Pindur: Das ist einerseits richtig, der Druck der Märkte muss natürlich da sein auf die Schuldensünder, sage ich mal, andererseits muss Politik ja auch die Rahmenbedingungen einfach festlegen. Darauf warten die Märkte ja unter anderem auch.

Burghof: Richtig.

Pindur: Also läuft es doch auf eine vertragliche Regelung hinaus, die vielleicht in Kombination auch mit anderen dann zum Erfolg führt?

Burghof: Richtig, aber diese vertragliche Regelung muss halt die Grenzen der Haftung klarmachen. Also im Moment sind die Märkte natürlich total irritiert, weil es wird jede Woche eine neue Sau durchs Dorf getrieben, man sucht ständig neue Lösungen, interessanterweise auch, weil die alten Lösungen offenkundig nicht halten, also das ist … Diese Idee, wir lösen das Problem, indem wir die Haftung immer weiter ausweiten, was wir ja bei dem Rettungsschirm hatten, führte nicht dazu, dass der Rettungsschirm stärker wurde, sondern er wurde fadenscheiniger. Und die Märkte im Moment sagen uns: Wir wollen diesen Rettungsschirm so, wie ihr ihn im Moment konstruiert habt, gar nicht finanzieren. Wir glauben nicht daran, dass der funktioniert. Deswegen meiner Ansicht nach: Ja, wir brauchen eine klare vertragliche Regelung, aber die muss auch klarmachen, wie weit Haftung reicht und an welchem Punkt halt eben der Konkurs des betreffenden Landes steht, wenn das Land sich nicht selber helfen kann.
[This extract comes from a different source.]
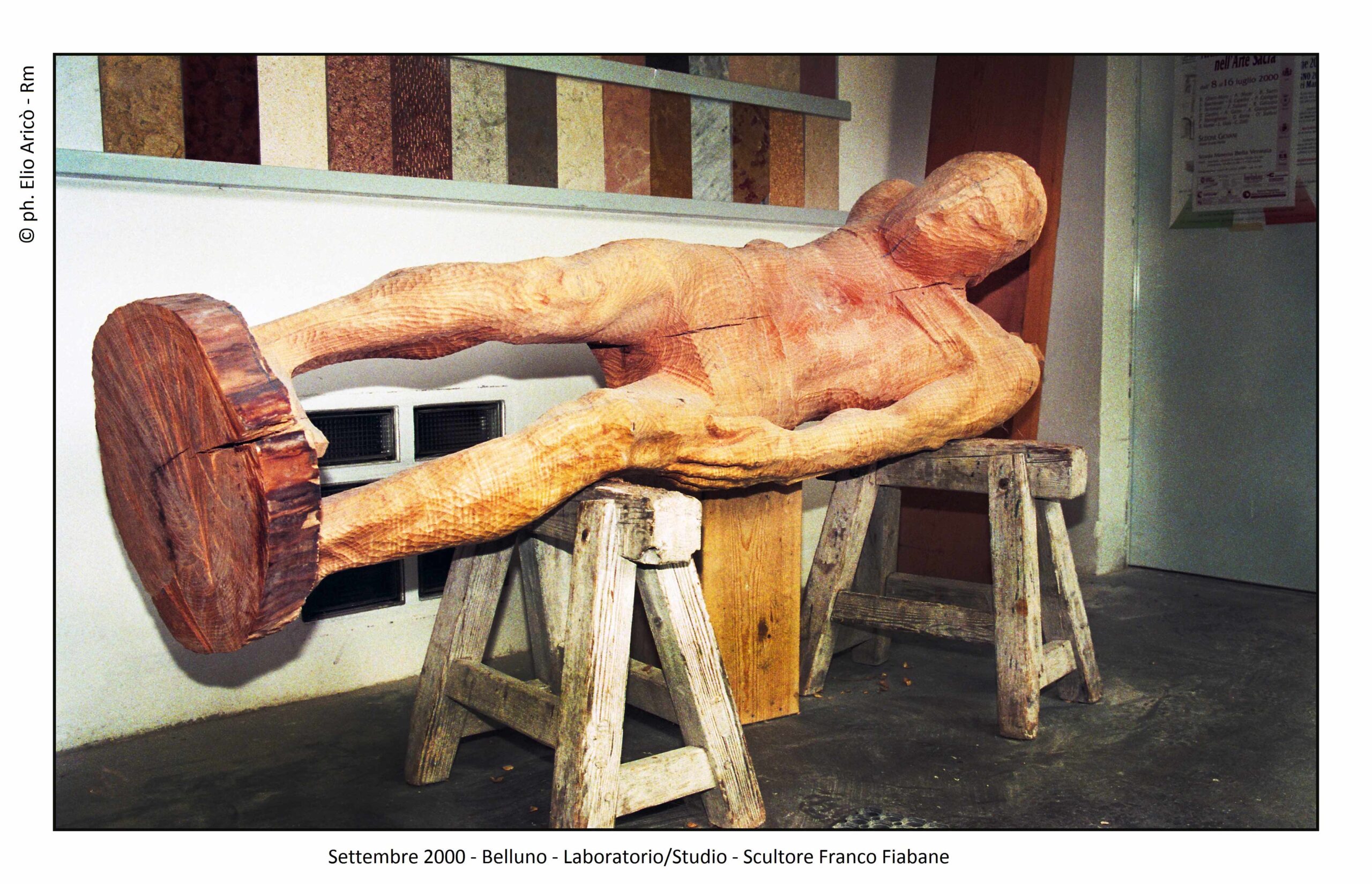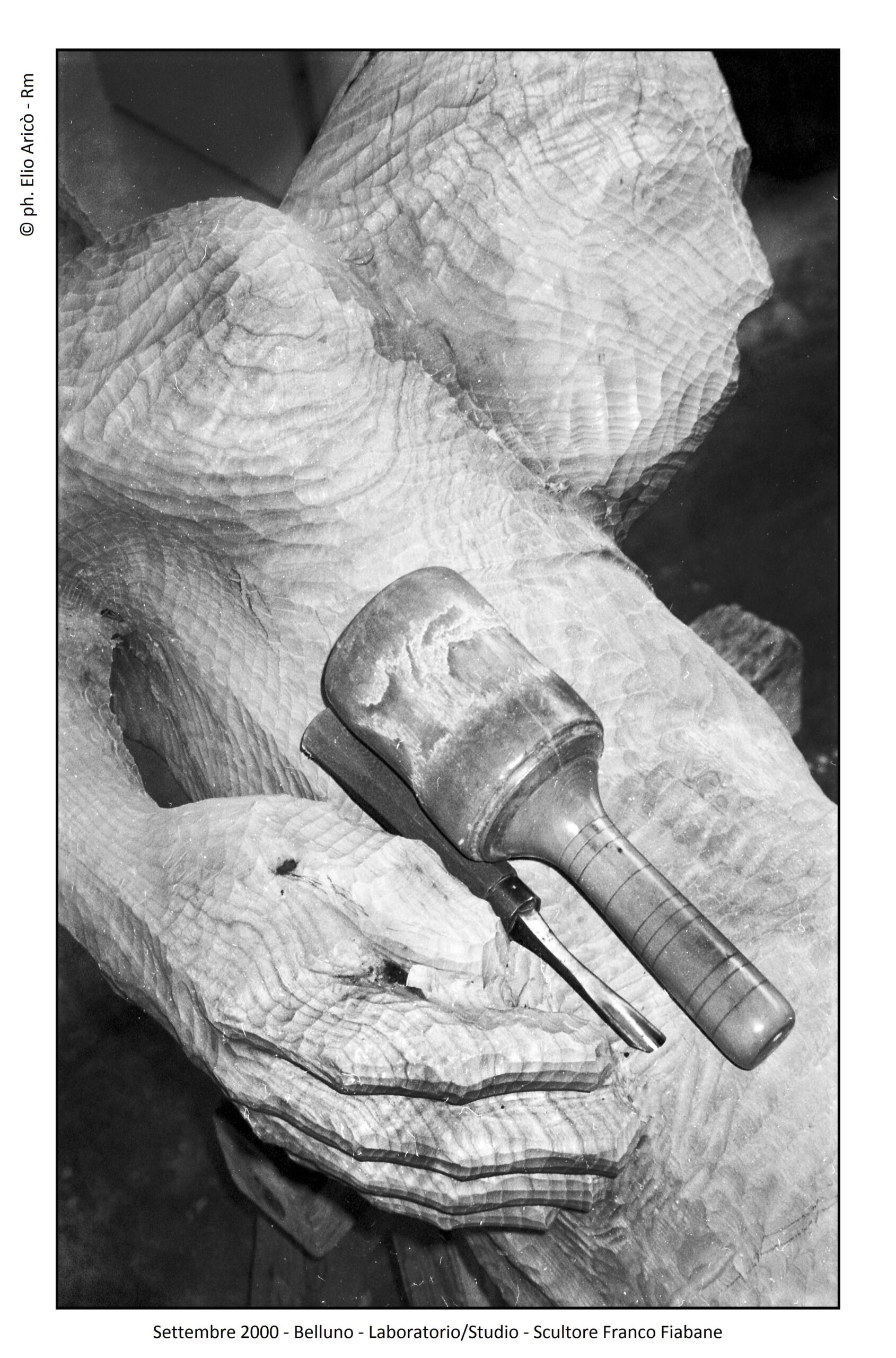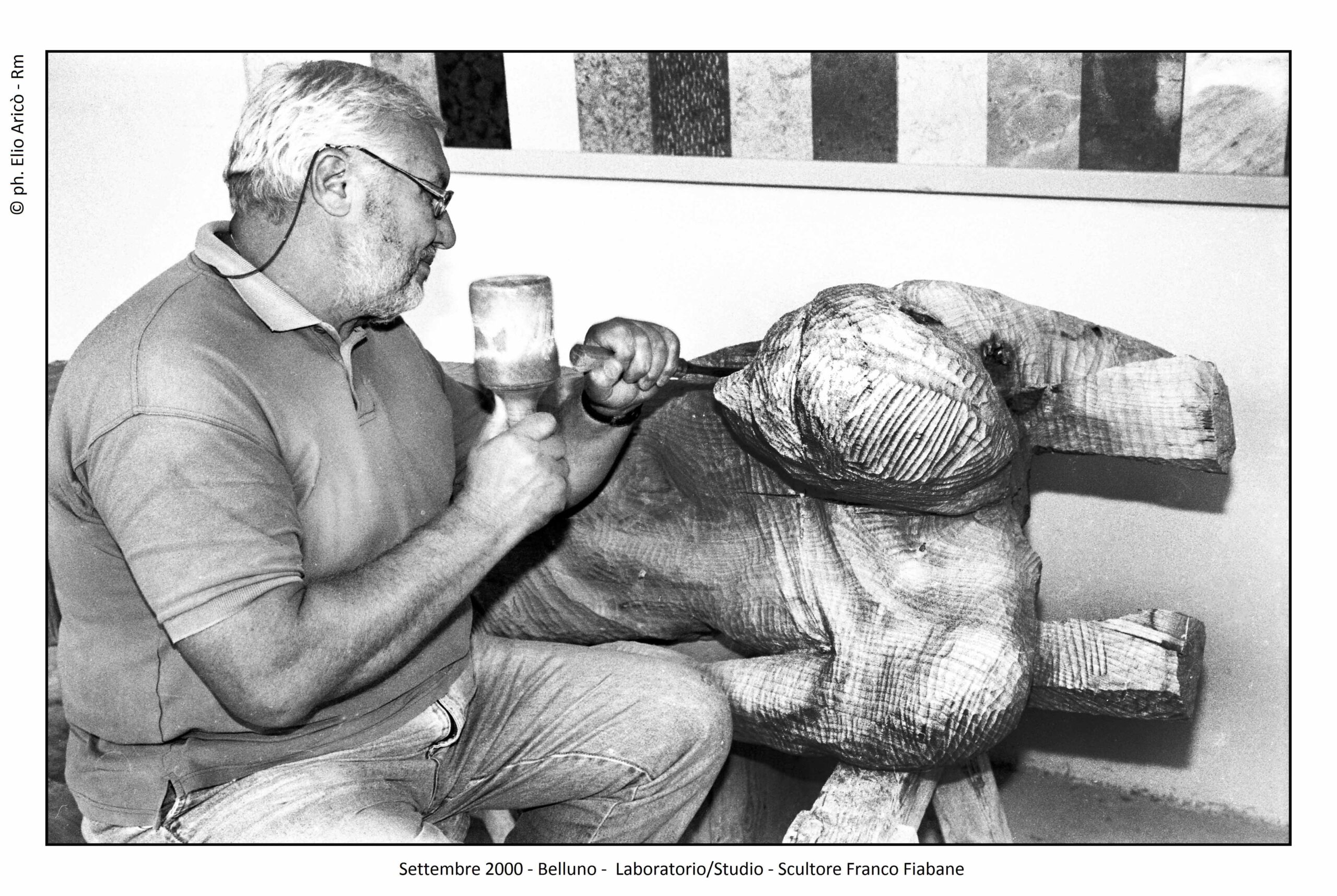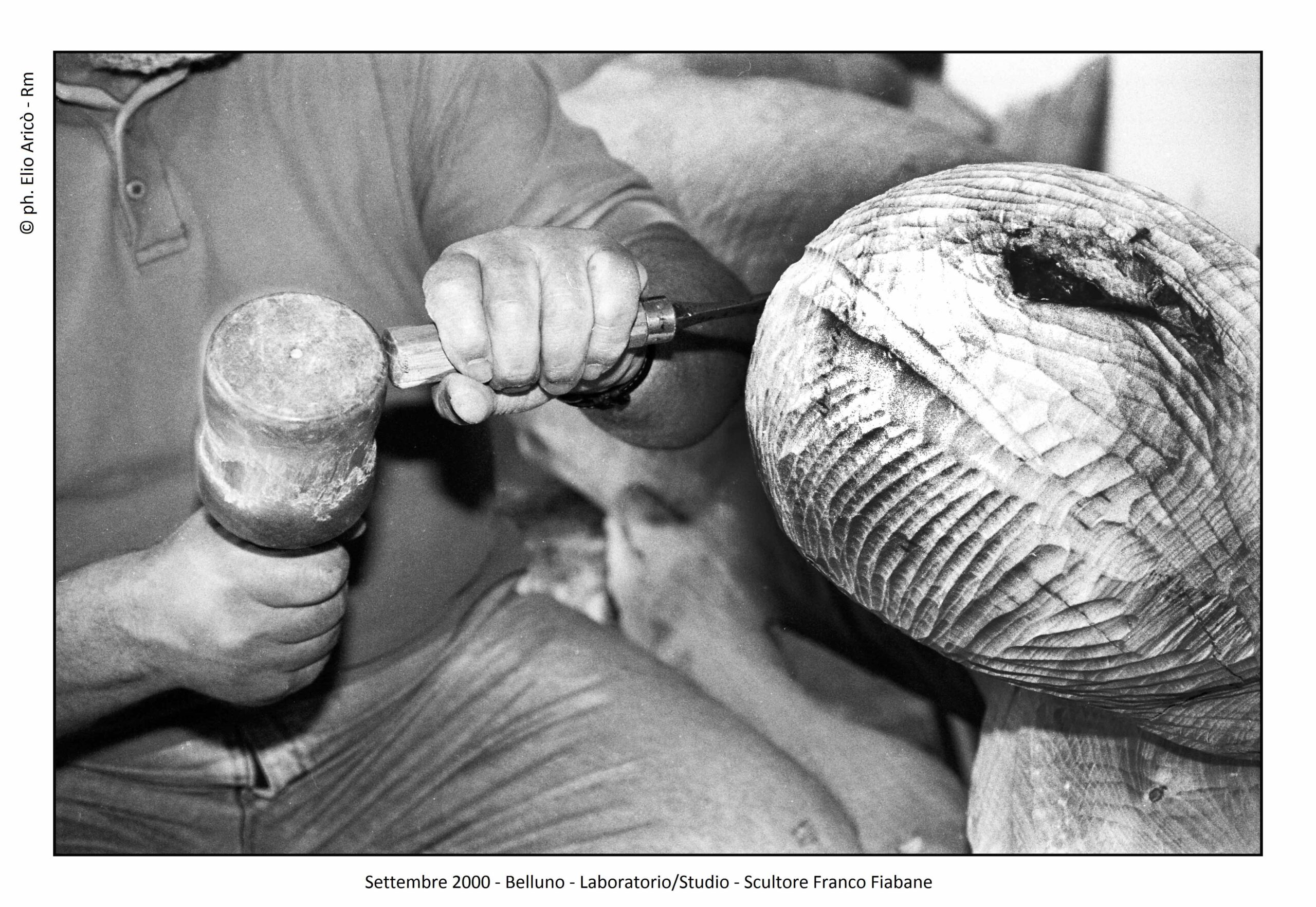 Le immagini di Elio Aricò raccontano non solo l’opera compiuta, ma anche il processo creativo: Fiabane colto nel gesto lento e concentrato dell’incisione, mentre definisce i volumi, leviga, approfondisce le ombre. È uno sguardo intimo dentro il laboratorio dell’artista, dove la scultura prende forma attraverso il rapporto fisico con il legno.

Pindur: Vielen Dank für diese Einschätzungen, Prof. Hans-Peter Burghof, Finanzwissenschaftler der Universität Hohenheim.

Burghof: Bitte schön!

Äußerungen unserer Gesprächspartner geben deren eigene Auffassungen wieder. Deutschlandradio macht sich Äußerungen seiner Gesprächspartner in Interviews und Diskussionen nicht zu eigen.